Issue No. 101
EDITOR’S NOTE
I’ll confess that when my friend James Hannaham first mentioned that he was writing fiction in the form of art gallery plaques, my reaction was selfish: I wished I’d thought of it. The idea is so clearly excellent, involving the use of a non-literary genre that is textual, but also rich with its own conventions and dramatic possibilities. What more could a fiction writer possibly want?But a manifestly great idea can be dangerous—as likely to smother as to sustain the fiction we beckon into its midst. In the end, the narrative must be absorbing enough to make us forget about the concept.
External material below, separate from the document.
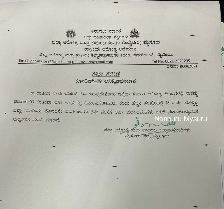 ಮೈಸೂರಲ್ಲಿ ಫಸ್ಟ್ & ಸೆಕೆಂಡ್ ವಾಕ್ಸಿನ್ ಫುಲ್ ಸ್ಟಾಕ್ ಇದೆ ಹಾಕಿಸಿಕೊಳ್ಳಿ!

Hannaham’s “Card Tricks” brilliantly achieves this. Presented first in a gallery space on Atlantic Avenue in Brooklyn, Hannaham’s work probes the genre of art gallery plaques from many angles, fabricating them from metal as well as paper, varying their sizes in significant ways, placing a plaque outdoors as well as on gallery walls, and—most powerfully—implicating the viewer directly and playfully. Anyone familiar with Hannaham’s fiction knows already the potent blend of innovation, humor and gravitas that is his trademark. It is exhilarating to see the same qualities at play in three dimensions.
You’re envisioning, perhaps, a collection of plaques that suggest the portrait of a fictional artist who made the art they describe, using an accretion of personal details and revelations. That’s the route I probably would have taken. Which is why it’s a good thing that I didn’t have the idea of using gallery plaques to write fiction, because what Hannaham does is so much more profound. By invoking the existence of artworks involving the gallery space, the people inside it, and the larger world (quite literally), Hannaham performs an ingenious reversal: the subject illuminated by the plaques ends up being us, the reader-viewers. And our experience of reading and viewing them—in what order we choose, in what state we’re in that day or night, in what company, in what mood, in what weather, is the narrative. It’s different for each of us, and it changes every time. The experience has something in common with theater, a medium Hannaham worked in for many years.
“Card Tricks” reminds us that prose fiction was invented to be open, flexible, and provocative, capable of absorbing whatever forms exist in the culture around it, and bending them to the task of high amusement.